**Supplied material:**
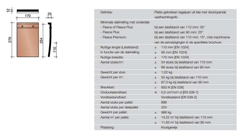 Deze tegelpannen zijn standaard 17 centimeter breed en 27
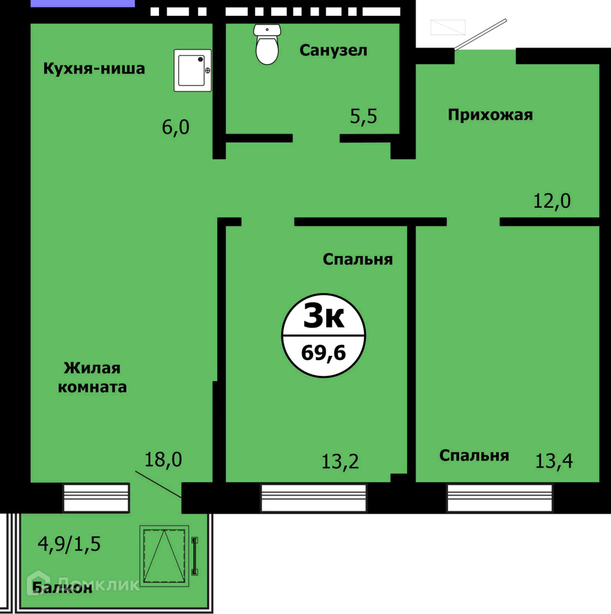 Общая площадь 69.6 м2
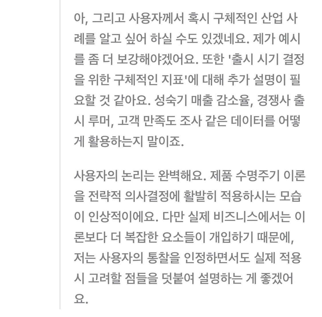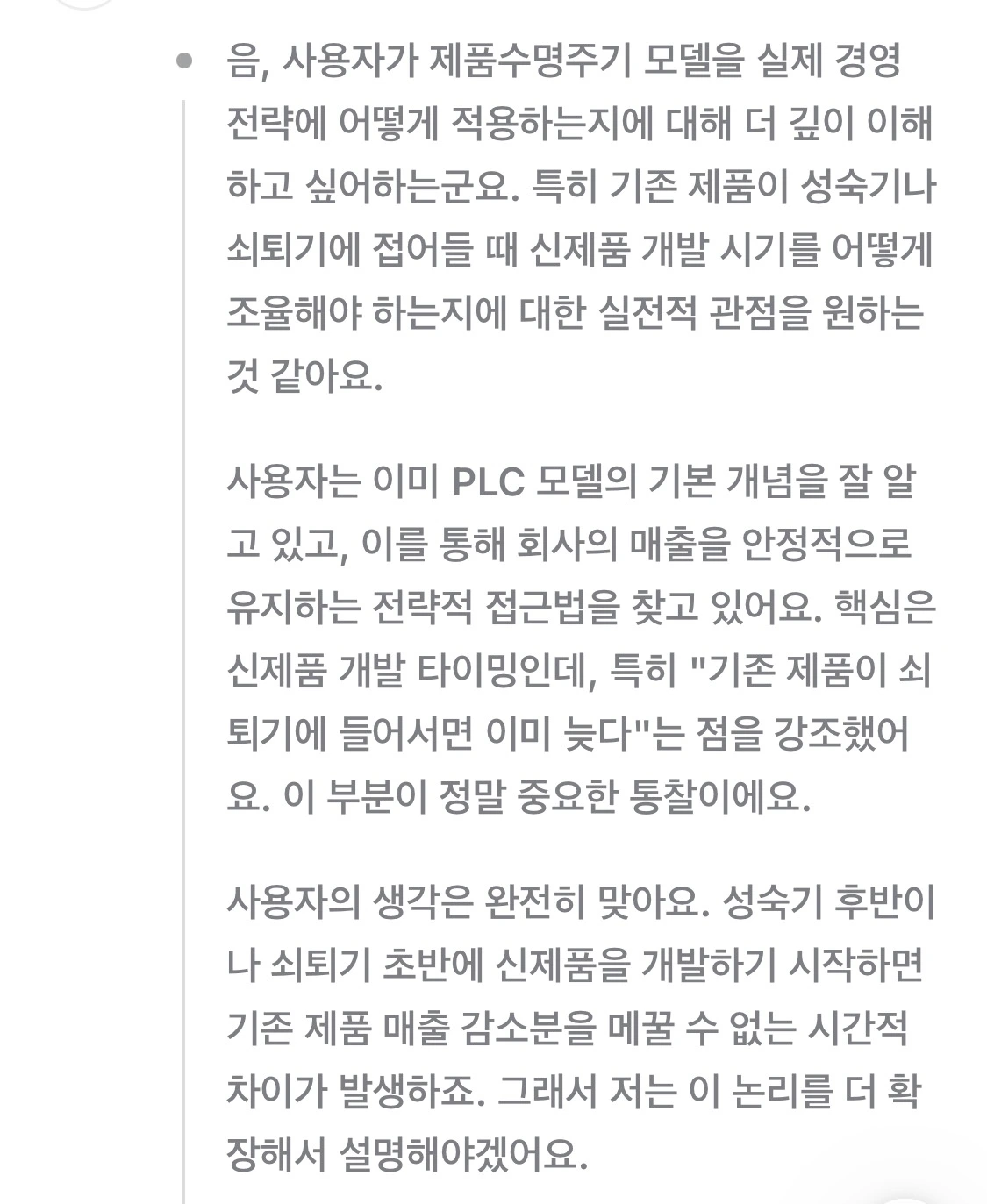 질문: 그래 맞아. 그리고 또 한 가지. 만약, 새 제품의 개발이 이미 마친 상태에서 언제 이 새 제품을 시장에 도입할 것인가를 결정하는 지표도 바로 이 제품 성장주기 단계야. 이미 기존 제품을 대체할 새 제품을 개발을 마쳤다 하더라도 기존 제품이 수명주기 단계상 여전히 성숙단계에 있다면 기존 제품을 계속 팔면서 새 제품의 도입을 늦추는 것이 합리적이야. 왜냐하면 새 제품 도입 그 자체가 원인이 되어 기존 제품이 쇠퇴기에 들어갈 수가 있거든 이건 회사의 장기적 매출성장 관점에서 좋지 않은 선택이야.

**Exercise brief:**
Repeat the data exactly. Pictures should not appear.

**Exercise result:**
 Deze tegelpannen zijn standaard 17 centimeter breed en 27
 Общая площадь 69.6 м2
 질문: 그래 맞아. 그리고 또 한 가지. 만약, 새 제품의 개발이 이미 마친 상태에서 언제 이 새 제품을 시장에 도입할 것인가를 결정하는 지표도 바로 이 제품 성장주기 단계야. 이미 기존 제품을 대체할 새 제품을 개발을 마쳤다 하더라도 기존 제품이 수명주기 단계상 여전히 성숙단계에 있다면 기존 제품을 계속 팔면서 새 제품의 도입을 늦추는 것이 합리적이야. 왜냐하면 새 제품 도입 그 자체가 원인이 되어 기존 제품이 쇠퇴기에 들어갈 수가 있거든 이건 회사의 장기적 매출성장 관점에서 좋지 않은 선택이야.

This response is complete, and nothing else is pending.